Appendix D: Key Studies Referenced in This Book

This appendix provides annotated descriptions of the primary research studies most frequently cited throughout the book. For readers who want to go beyond the summary level and engage with the original science, each entry includes the full citation, a plain-language summary of the key finding, an evidence grade consistent with the system described in Appendix A, and notes on the replication status of the finding.

Studies are organized by topic. Within topics, entries are roughly chronological to show how understanding developed over time.


Memory and Forgetting

Ebbinghaus, H. (1885/1913). Memory: A contribution to experimental psychology. Teachers College, Columbia University.

What it found: Hermann Ebbinghaus, a German psychologist, studied his own memory systematically for years using lists of nonsense syllables. He documented what he called the "forgetting curve" — the exponential decay of memory over time — and also discovered the "spacing effect": material studied in distributed sessions was retained far better than material studied in a single concentrated session. This is, by modern standards, single-subject research with serious methodological limitations. Its historical importance lies in being the first systematic empirical study of memory.

Evidence grade for the forgetting curve: [Evidence: Strong] — The general shape has been replicated continuously for 140 years. Evidence grade for the spacing effect: [Evidence: Strong] — Extensively replicated; see Cepeda et al. (2006) below. Replication status: The qualitative findings are robust; the specific quantitative parameters of Ebbinghaus's curve do not generalize well because the material (nonsense syllables) is atypically easy to forget.


Atkinson, R. C., & Shiffrin, R. M. (1968). Human memory: A proposed system and its control processes. In K. W. Spence & J. T. Spence (Eds.), The psychology of learning and motivation (Vol. 2, pp. 89–195). Academic Press.

What it found: The multi-store model of memory proposes three sequential stores: sensory memory (extremely brief, high capacity), short-term memory (limited capacity, rapid decay), and long-term memory (effectively unlimited capacity and duration). Information moves from sensory to short-term through attention, and from short-term to long-term through rehearsal.

Evidence grade: [Evidence: Moderate] — The three-store architecture captures something real, but the model is now considered a first-generation framework. Working memory (see Baddeley & Hitch below) provides a more accurate account of short-term processes, and long-term memory is known to have more structure than the model implies. Replication status: The model itself is a theoretical framework rather than a single empirical claim. Its components have been supported and refined rather than refuted.


Baddeley, A. D., & Hitch, G. (1974). Working memory. In G. H. Bower (Ed.), The psychology of learning and motivation (Vol. 8, pp. 47–89). Academic Press.

What it found: Baddeley and Hitch proposed that what Atkinson and Shiffrin called "short-term memory" is actually a multi-component working memory system with a central executive (attentional control), a phonological loop (verbal and acoustic information), and a visuo-spatial sketchpad (visual and spatial information). A fourth component, the episodic buffer, was added by Baddeley in 2000.

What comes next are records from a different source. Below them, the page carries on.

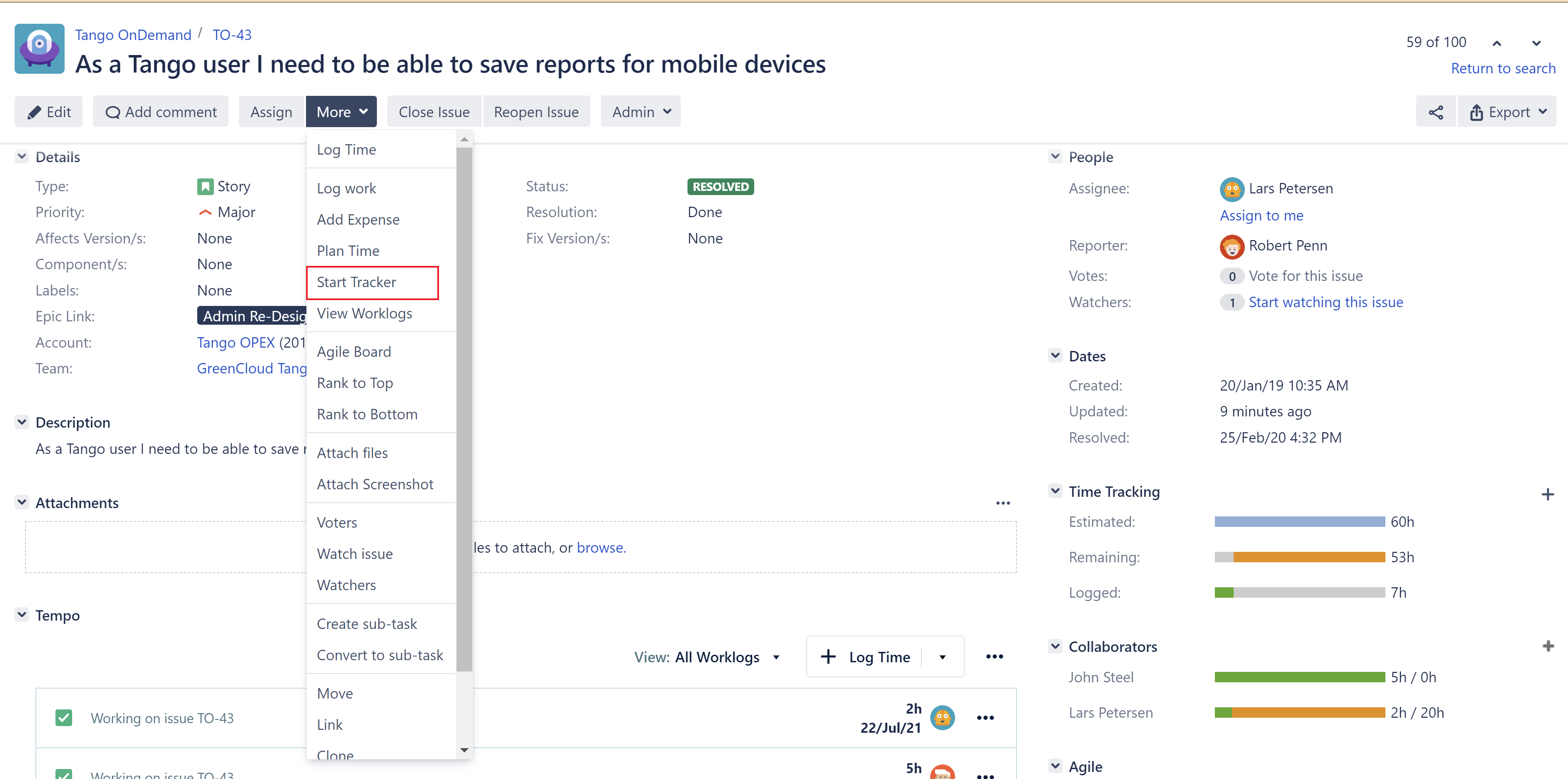 On Data Center, there is no Tracker section as in the Cloud version of Tempo. An issue specific Tracker can be started from the “More” dropdown, Start Tracker
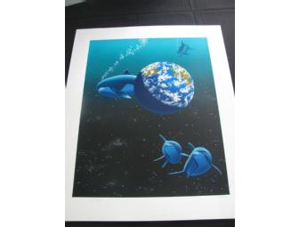 “Our Home Too II Dolphin” is a limited edition serigraph, by William "Schim" Schimmel, that is numbered and hand signed! Includes certificate of authenticity! Measures approximately 27 ½” W x 33 ½ H.
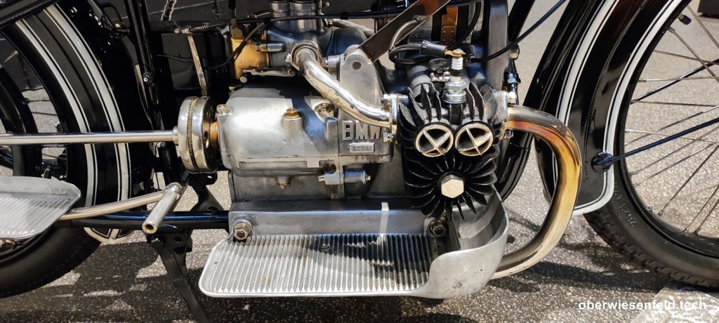 Und endlich der Gipfelpunkt der Ausstellung, die neue BMW Maschine (494 ccm) mit quer zur Fahrtrichtung gestellten Zylindern, eine trotz ihrer Jugend auffallend schnelle und erfolgreiche Maschine.
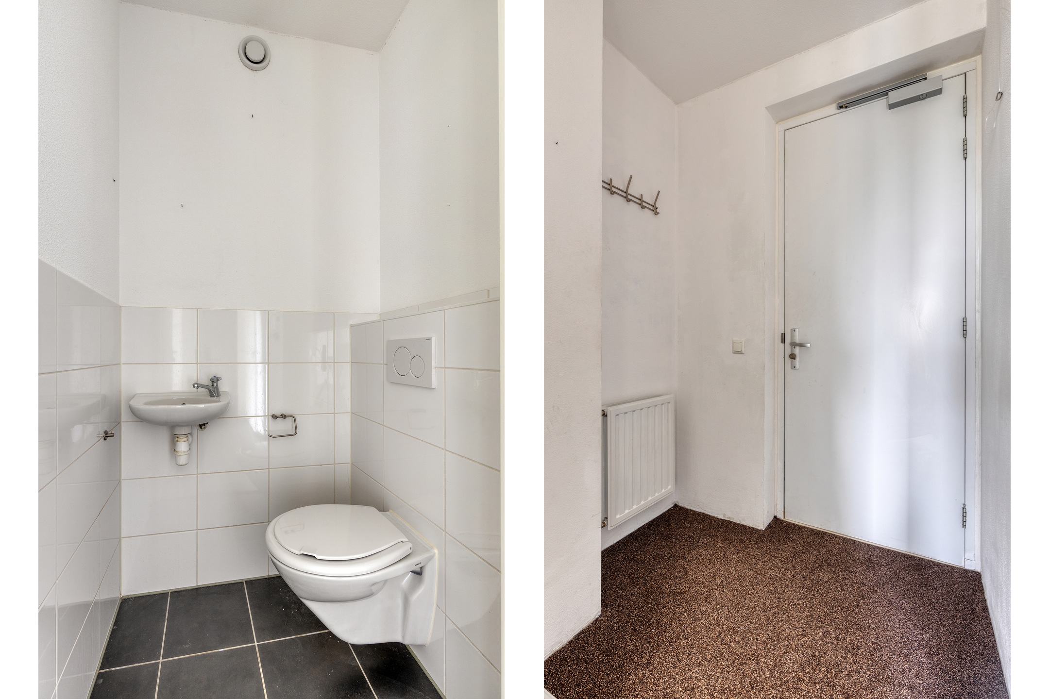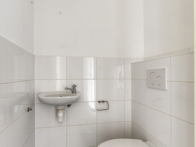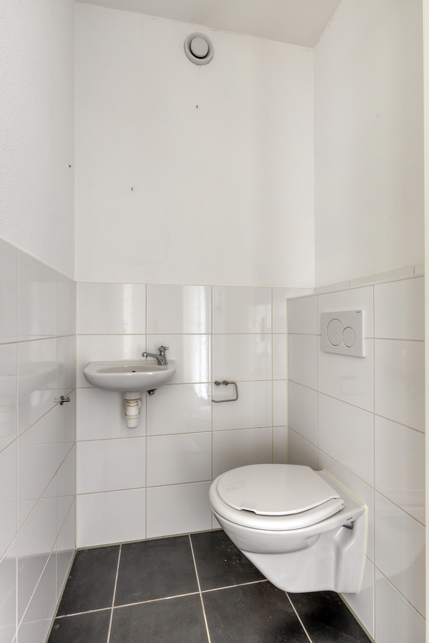 De toiletruimte is voorzien van een wandcloset en een fonteintje, de vloer is afgewerkt met vloertegels en de wanden zijn deels betegeld.
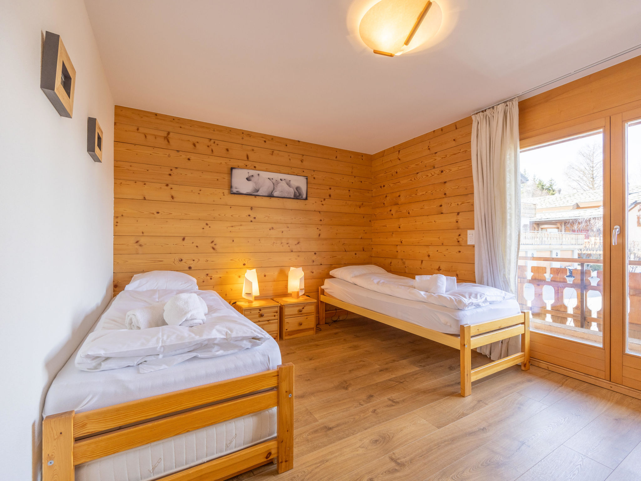 "Grands Ducs 202G", 4-Zimmer-Wohnung 95 m2 im 2. Stock. Komfortabel und schön eingerichtet: Wohn-/Esszimmer mit Panoramafenster mit offenem Kamin und Kabel-TV. 1 Zimmer mit 1 franz. Bett (180 cm, Länge 200 cm). 1 Zimmer mit 2 Betten (90 cm, Länge 200 cm). 1 Zimmer mit 1 x 2 Etagenbetten (90 cm, Länge 190 cm). Offene Küche (Backofen, Geschirrspüler, 4 Glaskeramikplatten, Toaster, Wasserkocher, Mikrowelle, Tiefkühler, elektrische Kaffeemaschine, Kapseln für die Kaffeemaschine (nespresso) extra, Racletteofen, Fondue Set (Chinoise, Käse)). Bad/WC, Dusche/WC. Grosser Balkon, Nordwestlage, kleiner Balkon, Südlage. Schöne Sicht auf die Berge und das Tal. Zur Verfügung: Internet (Wireless LAN, gratis). Parkplatz Nr. 202, Garage, Höhe 210 cm, Breite 230 cm. Bitte beachten: Nichtraucher-Unterkunft.

Evidence grade: [Evidence: Strong] — The working memory model is one of the most tested and supported frameworks in cognitive psychology. The components have been dissociated by neuroimaging and neuropsychological studies with brain-damaged patients. Replication status: The basic architecture is robust. Debates continue about exact components and mechanisms, but the multi-component framework is well-established.


Bjork, R. A. (1994). Memory and metamemory considerations in the training of human beings. In J. Metcalfe & A. Shimamura (Eds.), Metacognition: Knowing about knowing (pp. 185–205). MIT Press.

What it found: Bjork introduced the distinction between storage strength (how well-consolidated a memory is in long-term storage) and retrieval strength (how easily a memory can currently be accessed). A key insight is that high retrieval strength — when material is fresh and easy to recall — does not indicate high storage strength. Conversely, failing to recall something doesn't mean it's gone; the retrieval pathway may be weak while storage strength remains intact. This framework explains why forgetting followed by successful retrieval (the "spacing effect" mechanism) produces stronger learning than continuous review.

Evidence grade: [Evidence: Strong] — The storage/retrieval distinction provides the theoretical foundation for decades of spacing and retrieval practice research and is well supported by the empirical literature. Replication status: The framework is a theoretical model with strong empirical backing; not a single replicable experiment but a well-supported interpretive framework.


Retrieval Practice

Roediger, H. L., & Karpicke, J. D. (2006a). Test-enhanced learning: Taking memory tests improves long-term retention. Psychological Science, 17(3), 249–255.

What it found: In a landmark study, students who studied a passage once and then took multiple retrieval practice tests retained 61% of the material a week later, compared to 40% for students who studied the passage four times. The testing condition produced significantly better long-term retention despite providing less time with the material itself.

Evidence grade: [Evidence: Strong] Replication status: Widely replicated across labs, subjects, formats, and age groups. The testing effect is one of the most robust findings in cognitive psychology.


Roediger, H. L., & Karpicke, J. D. (2006b). The power of testing memory: Basic research and implications for educational practice. Perspectives on Psychological Science, 1(3), 181–210.

What it found: A review article that synthesized decades of research on the testing effect, argued for its educational implications, and helped catalyze the wave of subsequent research on retrieval practice. Essential context for understanding how the testing effect research developed.

Evidence grade: [Evidence: Strong] (as a review of the evidence base) Replication status: Review article; the findings reviewed have replicated strongly.


Karpicke, J. D., & Blunt, J. R. (2011). Retrieval practice produces more learning than elaborative studying with concept mapping. Science, 331(6018), 772–775.

What it found: Students who practiced retrieving information performed significantly better on a final test one week later (T = 67%) than students who spent the same time creating detailed concept maps of the material (T = 45%). This was a notable finding because concept mapping is an active, constructive activity — more effortful than simple rereading — yet retrieval practice outperformed it.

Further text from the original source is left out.